Called the “living God of Theatre” during his lifetime, the British artist has ascended to the rank of “immortal God of Theatre” on July 2 at the age of 97
“There is a world elsewhere”, wrote Shakespeare in his tragedy Coriolanus, and Peter Brook, undoubtedly the greatest Shakespearean director of the past 70 years, has gone to find it. Still active and in remarkably good shape until very recently, he seemed eternal, indestructible. And yet, he has now shuffled off this mortal coil, just as discreetly as he lived, leaving behind his children Irina and Simon, as well as grandchildren, to all of whom RIVIERA BUZZ extends our sincere condolences.
Media around the world have eulogized the eminent film and theatre maker, have narrated his vita and listed his accomplishments. What we would like to think about here is the trace Peter Brook left on Nice.
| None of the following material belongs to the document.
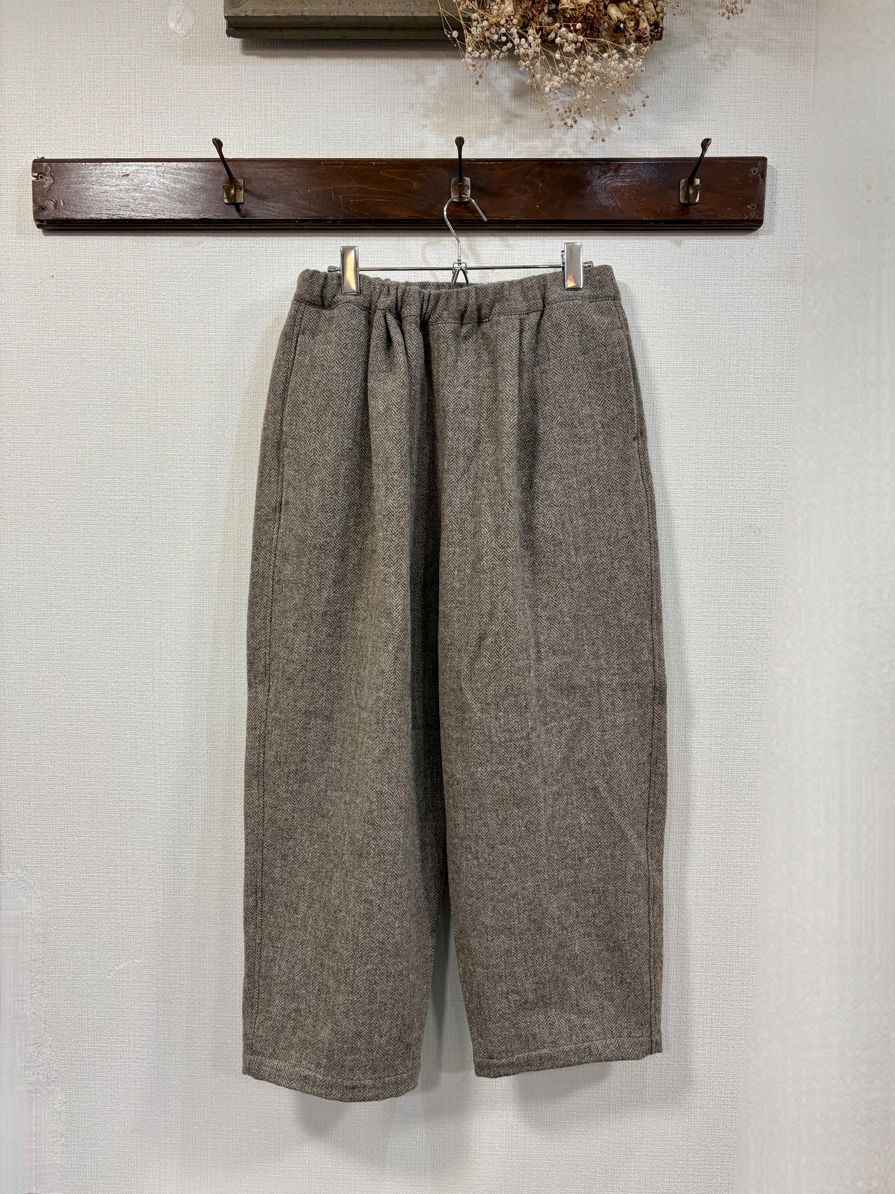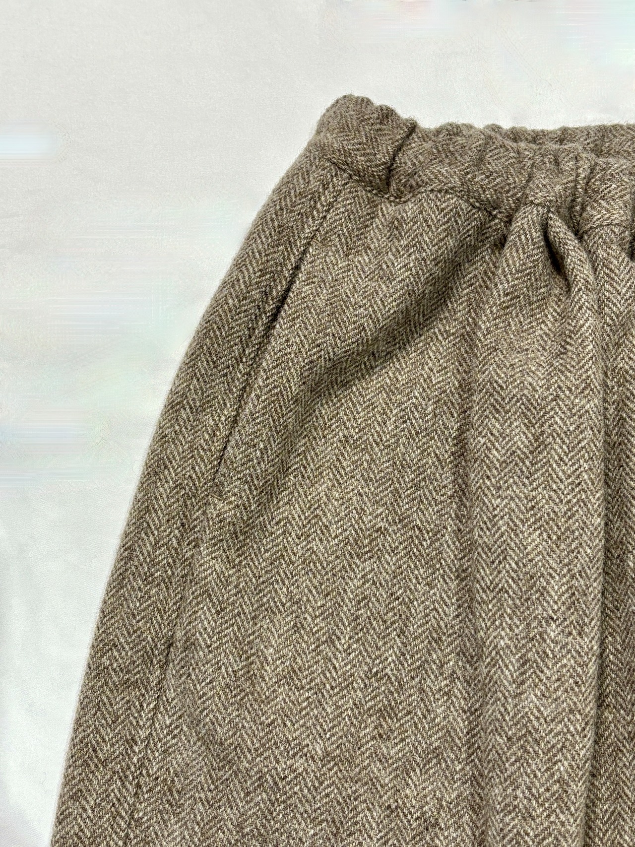 100%ウールのヘリンボーンツイード生地を使用した秋冬シーズンらしい温かみのある風合いのパンツです。

The man whose name has become synonymous with “modern theatre” worked around the entire globe. Venturing out from his native London and his chosen homeland of France, he mounted plays wherever there was a stage, and when there was no stage, a patch of grass would do nicely. His theatre didn’t need much: the main ingredient was imagination.
But save for a few visits to Nice, he never worked in Nice. Or did he?
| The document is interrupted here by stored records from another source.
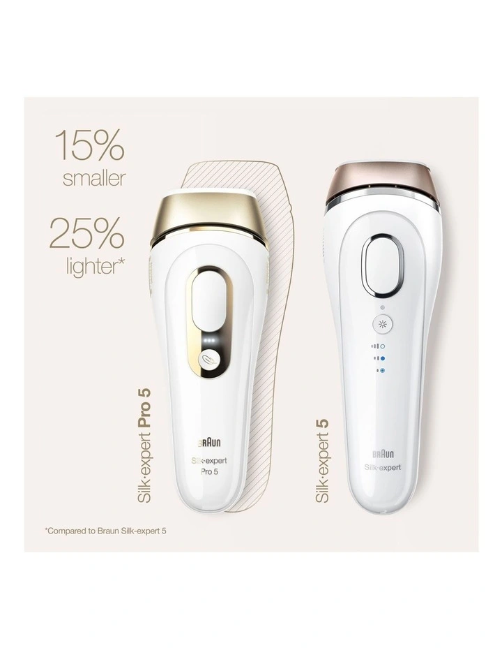 Silkexpert Pro is Brauns latest generation IPL. Silkexpert Pro 5 is the safe, fast and most efficient IPL* for permanent hair reduction in just 4 weeks*. The safe IPL technology, clinically tested and dermatologically accredited as skin safe by an international skin health organization (Skin Health Alliance). It automatically and continuously adapts to your skin tone to ensure optimal balance between efficacy and safety for visible permanent hair removal. The fast IPL, its 2 times faster than previous Silkexpert 5: both lower legs can be treated in less than 5 minutes. It includes a precision head to tackle the smaller areas such as the face, bikini line or underarms. Compact design, 15 percent smaller and 25 percent lighter, for easy handling and effortless treatment. 400,000 flashes, 30 percent more than previous Silkexpert 5.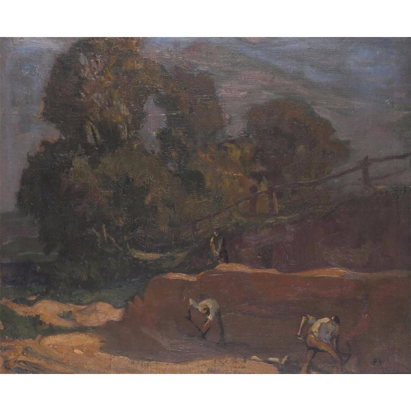 ‡Sir Frank Brangwyn R.A. (1867-1956) The sandpit Signed with initials Oil on canvas laid on board...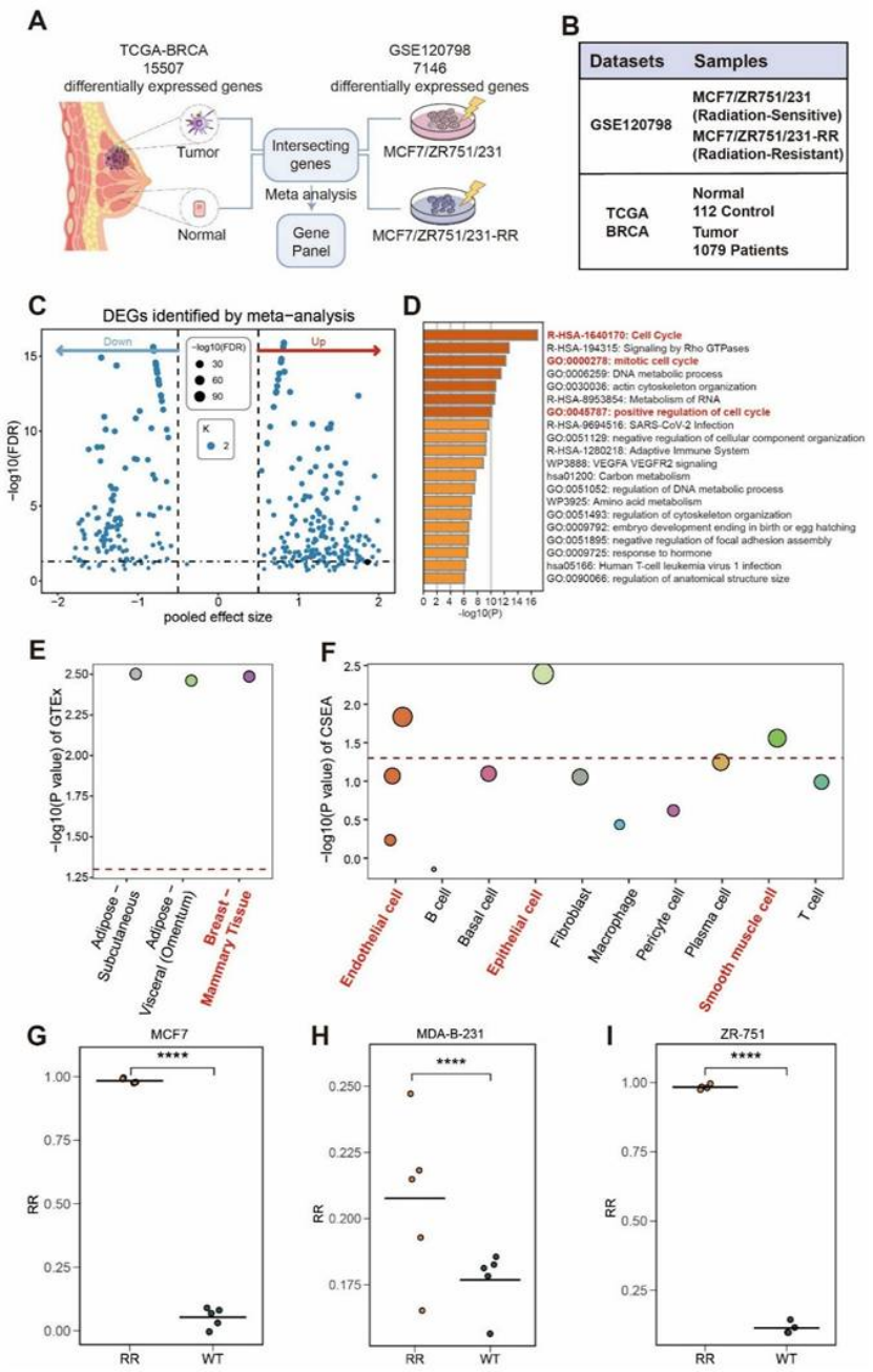 细胞系验证:MCF7、MDAB-231 等放疗抵抗细胞系中,该 panel 的 ssGSEA 评分显著高于敏感株(图 2G-I)。

He transmitted his fascination with Shakespeare to his children, and notably his daughter Irina, who, as fate would have it, was the director of the Théâtre National de Nice from 2014-2019. With the eminent Peter Brook for a father and the no less talented and beautiful Natasha Parry as her mother, Irina soaked up, lived and breathed Shakespeare from infant age on.
So naturally, her first instinct upon her nomination to the TNN’s helm was to found “Shake Nice”, an annual festival devoted to the Bard. Of course the French, just as deeply steeped in Molière since childhood, were shellshocked. Shakespeare, that’s… bawdy, that’s… un-French. What outrage at the hands of the new director of the venerable National Theatre!
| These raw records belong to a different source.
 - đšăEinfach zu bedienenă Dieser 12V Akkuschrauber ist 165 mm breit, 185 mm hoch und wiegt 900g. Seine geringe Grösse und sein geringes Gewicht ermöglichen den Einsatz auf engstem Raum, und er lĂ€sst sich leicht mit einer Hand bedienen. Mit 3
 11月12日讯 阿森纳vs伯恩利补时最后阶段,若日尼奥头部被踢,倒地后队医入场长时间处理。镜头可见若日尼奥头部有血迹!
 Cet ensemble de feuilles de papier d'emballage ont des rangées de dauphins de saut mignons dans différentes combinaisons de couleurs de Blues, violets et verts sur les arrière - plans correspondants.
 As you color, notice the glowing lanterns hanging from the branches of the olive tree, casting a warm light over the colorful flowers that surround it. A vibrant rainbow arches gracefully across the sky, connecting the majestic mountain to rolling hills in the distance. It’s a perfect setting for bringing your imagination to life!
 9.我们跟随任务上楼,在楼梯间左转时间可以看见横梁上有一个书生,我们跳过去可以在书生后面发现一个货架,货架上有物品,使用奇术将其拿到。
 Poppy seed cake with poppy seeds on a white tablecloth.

But to alleviate the cultural shock, Irina Brook did a very smart thing. She invited her father to meet with the Niçois public. Not just to see some of his plays but also for chats and close-up encounters.
And Peter Brook’s gravitas, his wisdom, his impeccable credentials as the godfather of modern theatre, his paternal vibes, his charming ways seduced the French and made them see Shakespeare through a different lens. Maybe the two revered playwrights from Stratford-upon-Avon and Paris did share more than met the eye… like for instance their subtle ways to critique society and authority in a fun, mocking way, or to tell colorful fables of the shortcomings of nobility.
And the Niçois started to find out something else: Irina’s style – a minimalistic stage design paired with a play packed with music, dance, multicultural troupes, and pure emotions, was initially criticized as too flamboyant and extravagant. But it was the Brook way of doing things – what she had learned and internalized from her earliest childhood. Her signature style is more poetic, more feminist – but whatever she touched inherently received a dusting of Peter Brook’s magic. How can you help being her Father’s daughter?
And gradually, little by little, she not only won over spectators, she also succeeded in breathing fresh ideas in bourgeois Niçois minds. If Irina is credited today with championing certain social and “green” causes in town, and opening formerly firmly shut eyes to them, it was her Father’s influence whose mission in life was to bring the world at large together through theater across boundaries, borders, and preconceived notions. Because theatre heals and unites broken worlds, has done so for two thousand years, and will never cease to do so.
So yes, Irina Brook left her imprint on Nice and many regret her departure still. But she wouldn’t have been the same director with the same programme and the same wondrousness of it all if she hadn’t had the good luck of growing up on stages where actors’ bare feet caress oriental rugs as they are painting new worlds with words. So, Thank You, Peter Brook, Sir, for shaping your daughter into the kind of artist and human being that Nice needed just at that time. Her legacy is yours, and she did you proud.
So do our minutes hasten to their end;
Each changing place with that which goes before,
In sequent toil all forwards do contend.”